• Dataset
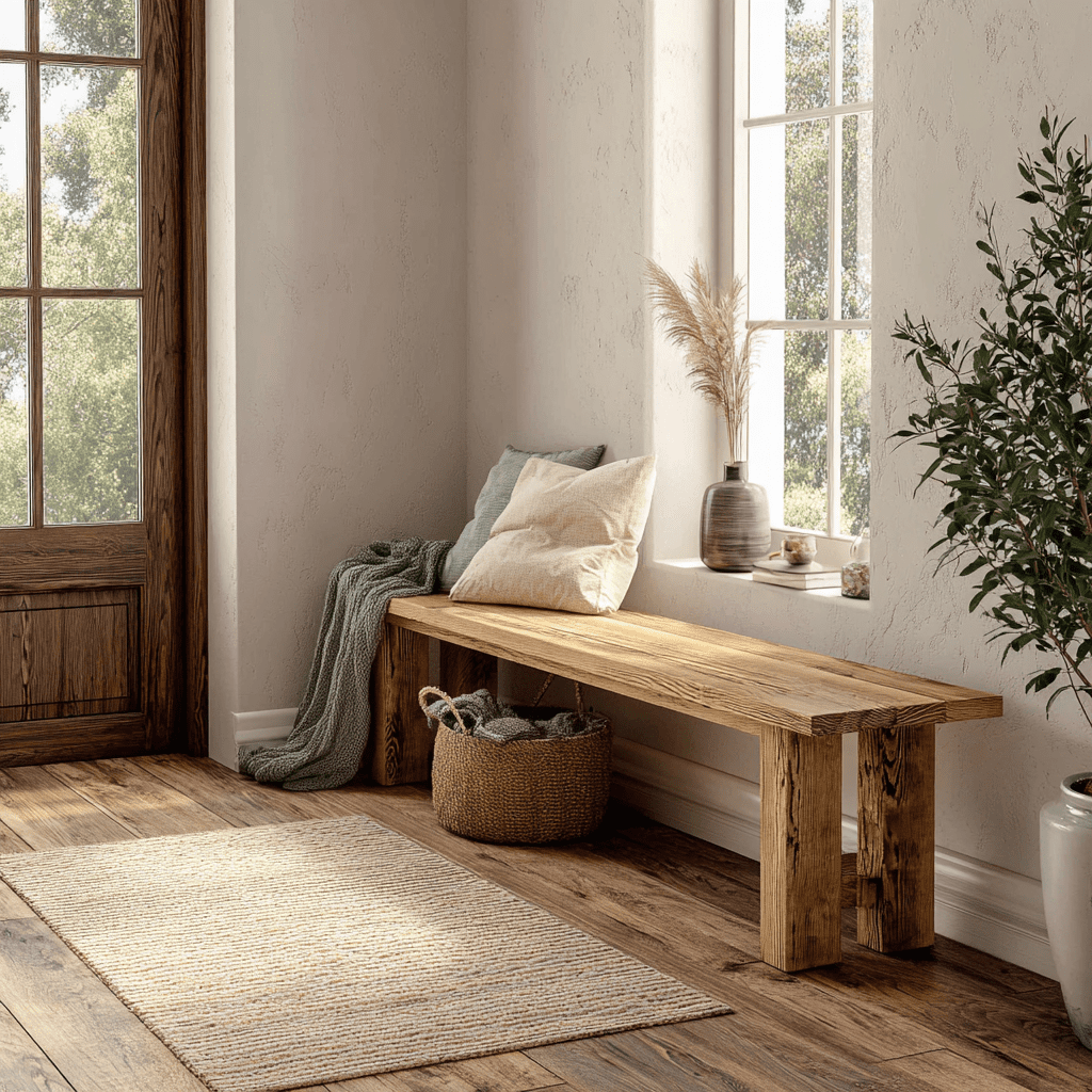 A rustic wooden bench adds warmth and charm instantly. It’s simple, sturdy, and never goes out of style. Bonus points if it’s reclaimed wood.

---

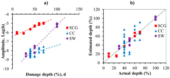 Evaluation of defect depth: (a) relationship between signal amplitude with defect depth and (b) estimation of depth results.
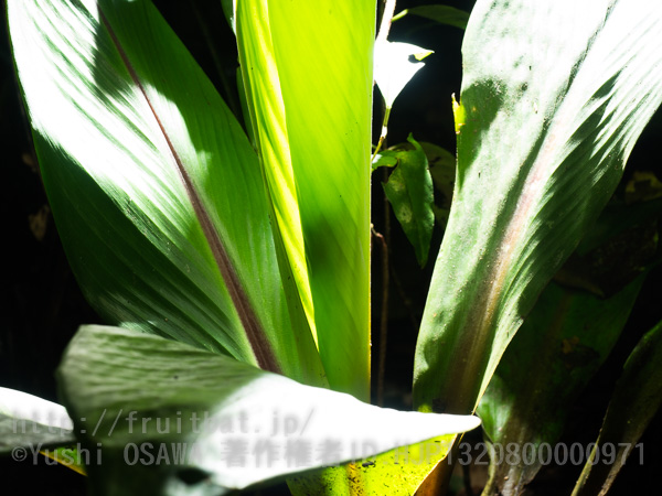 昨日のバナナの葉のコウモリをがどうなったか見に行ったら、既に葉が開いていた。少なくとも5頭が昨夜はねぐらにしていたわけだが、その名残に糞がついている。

• Task objective
Without the pictures, set down the lines above from the line with "Evaluation of defect" up to and including the line with "昨日のバナナの葉のコウモリを" exactly as they stand.

• Written solution
 Evaluation of defect depth: (a) relationship between signal amplitude with defect depth and (b) estimation of depth results.
 昨日のバナナの葉のコウモリをがどうなったか見に行ったら、既に葉が開いていた。少なくとも5頭が昨夜はねぐらにしていたわけだが、その名残に糞がついている。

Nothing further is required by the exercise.